(Stored data entries)
▽

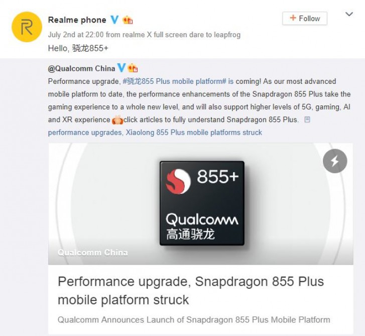 ล่าสุดทาง Realme ก็ออกมาบอกผ่านเว็บไซต์ Weibo เช่นกันว่าจะใช้ชิปเซ็ต Snapdragon 855 Plus กับสมาร์ทโฟนเรือธงรุ่นต่อไปซึ่งตอนนี้ทาง Realme เองได้ก็ยังไม่เคยใช้งาน Snapdragon 800 Series เลยซักครั้ง นี่อาจจะเป็นสัญญาณว่า Realme อาจจะกระโดดเข้าสู่ตลาดสมาร์ทโฟนที่สูงขึ้นมาอยู่ในระดับพรี่เมี่ยมก็เป็นไปได้
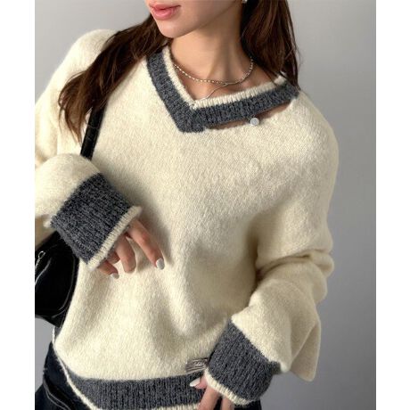 ふんわりとした起毛感が特徴の配色Vネックニットプルオーバー。
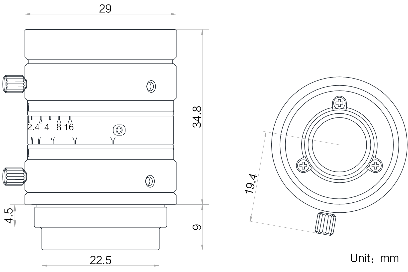 | 外形尺寸 | Φ29×34.8 mm |
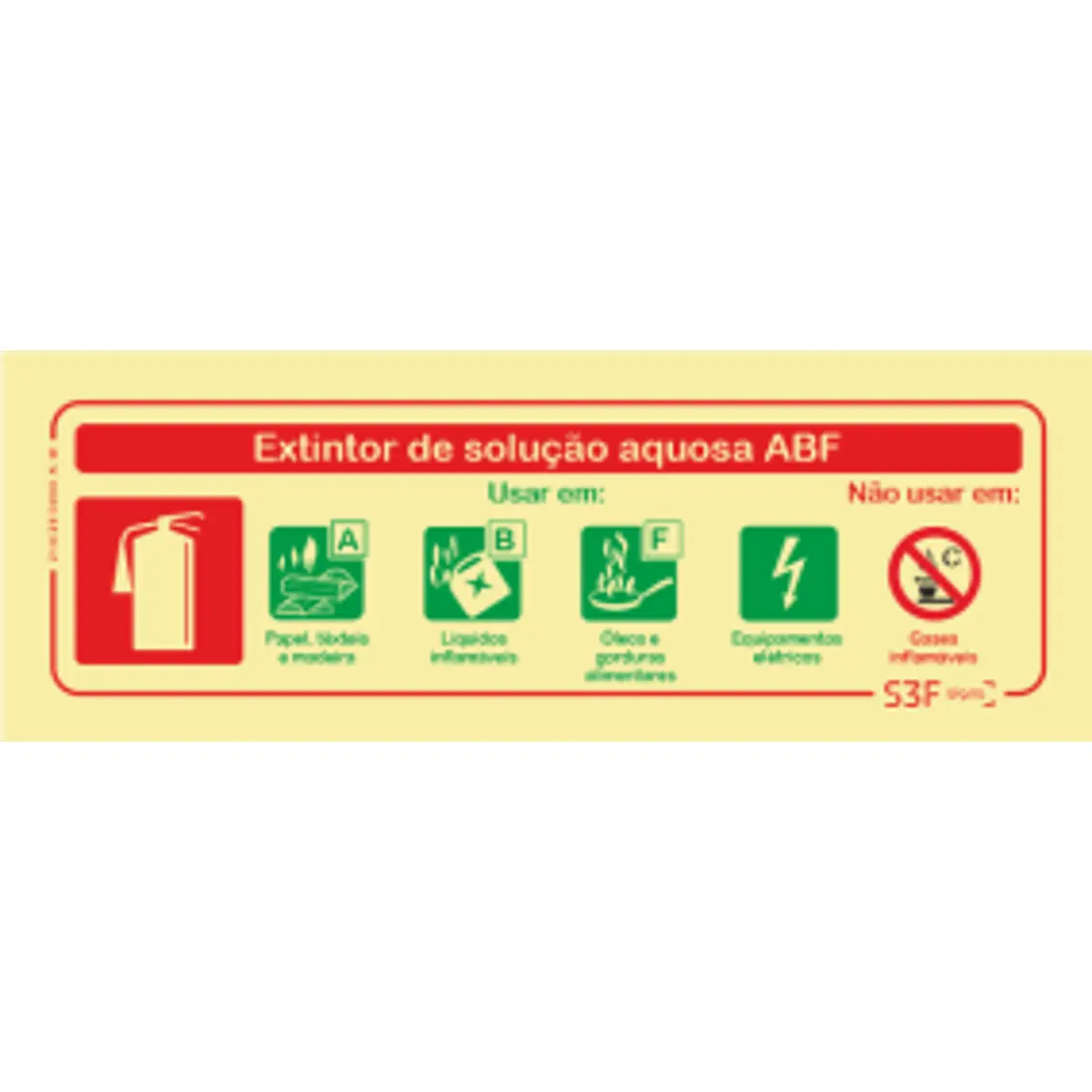 Placa de sinalização fotoluminescente ''Extintor de solução aquosa ABF'' - 240x85mm
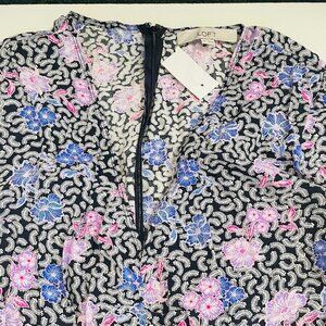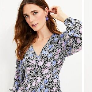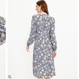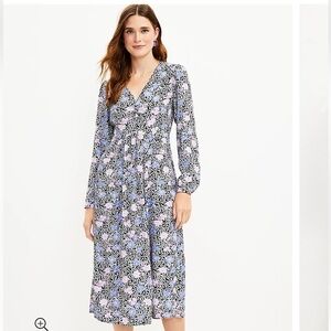 NWT Ann Taylor LOFT Dress Floral Midi Ruched Long Sleeve Puff Shoulder
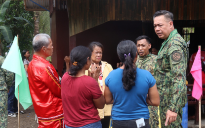 Brig. Gen. Christopher Abrahano (right), PRO-13 director, and leaders of the 4Ps Farmers Sustainable Association in Bayugan City, Agusan del Sur discuss the storage and sorting facility donated by the police. The project, turned over on Feb. 18, 2025, is part of the Revitalized Pulis sa Barangay program of the regional police. (Photo courtesy of PRO-13)

△

# GOAL OF THE EXERCISE:
Reproduce the entries above word for word. Pictures stay out.

# ANSWER SPACE:
 ล่าสุดทาง Realme ก็ออกมาบอกผ่านเว็บไซต์ Weibo เช่นกันว่าจะใช้ชิปเซ็ต Snapdragon 855 Plus กับสมาร์ทโฟนเรือธงรุ่นต่อไปซึ่งตอนนี้ทาง Realme เองได้ก็ยังไม่เคยใช้งาน Snapdragon 800 Series เลยซักครั้ง นี่อาจจะเป็นสัญญาณว่า Realme อาจจะกระโดดเข้าสู่ตลาดสมาร์ทโฟนที่สูงขึ้นมาอยู่ในระดับพรี่เมี่ยมก็เป็นไปได้
 ふんわりとした起毛感が特徴の配色Vネックニットプルオーバー。
 | 外形尺寸 | Φ29×34.8 mm |
 Placa de sinalização fotoluminescente ''Extintor de solução aquosa ABF'' - 240x85mm
 NWT Ann Taylor LOFT Dress Floral Midi Ruched Long Sleeve Puff Shoulder
 Brig. Gen. Christopher Abrahano (right), PRO-13 director, and leaders of the 4Ps Farmers Sustainable Association in Bayugan City, Agusan del Sur discuss the storage and sorting facility donated by the police. The project, turned over on Feb. 18, 2025, is part of the Revitalized Pulis sa Barangay program of the regional police. (Photo courtesy of PRO-13)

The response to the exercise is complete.